# Spindle Diamter for Project



## jimemack (May 6, 2013)

I'm not sure if anyone knows the answer, but I am building a 4th axis for CNC and wanted to know if its 1" diameter spindle would be adequate if used with an X2 milling machine. I can purchase 1-1/4", but it's not cheap, so I wanted some opinions.

Thanks,
Jim


----------



## jimemack (May 6, 2013)

...almost forgot an important piece of info - the spindle will be made of steel.


----------



## Analias (May 6, 2013)

I have been contemplating doing something similar for my x3.  Does the spindle you are considering have an inside taper and what size is it? Are you working from plans?

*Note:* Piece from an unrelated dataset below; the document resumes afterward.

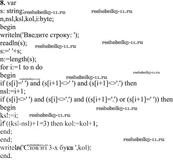 Готовая домашняя работа с ответами по Информатике за 10 класс Семакин, Хеннер, Шеина Учебник Базовый уровень Бином 2017 ФГОС - Работа 3.8. Программирование обработки строк символов 8

I am considering using the headstock off of my extra 9x20 lathe and mounting a stepper and DC motor to drive indexing and turning. I would use the spindle that came with it, it has a 3MT taper. I could use the tailstock off the 9x20 also.

Sent from my Nexus S using Tapatalk 2


----------



## jimemack (May 6, 2013)

I created the plans. And, yes, there is a 2MT inside the spindle. I will be doing fairly light work with it, but I'm worried that there will be minute flexion of the spindle if it's too small. Is there a calculator available for this sort of thing? I'm neither sure I could develop equations for this nor if it's even worth the time.

Jim


----------



## jimemack (May 6, 2013)

I have read several conversations where it was suggested to use a lathe head - excellent idea. However, I feel like being challenged seriously by this hobby, so I'm taking the proverbial 'plunge'. I just hope I have thought of everything. The spindle diameter is but a small, albeit most important, component of the build process. But, because it happens to be the most critical component, I keep second-guessing myself. I'm right now contemplating purchasing a 1-1/4" shaft from McMaster-Carr now and I think I'll go with it. It costs $23.39, but that's a small price for my peace of mind, I think. I'll just wait to see if more people might have some input.

Jim


----------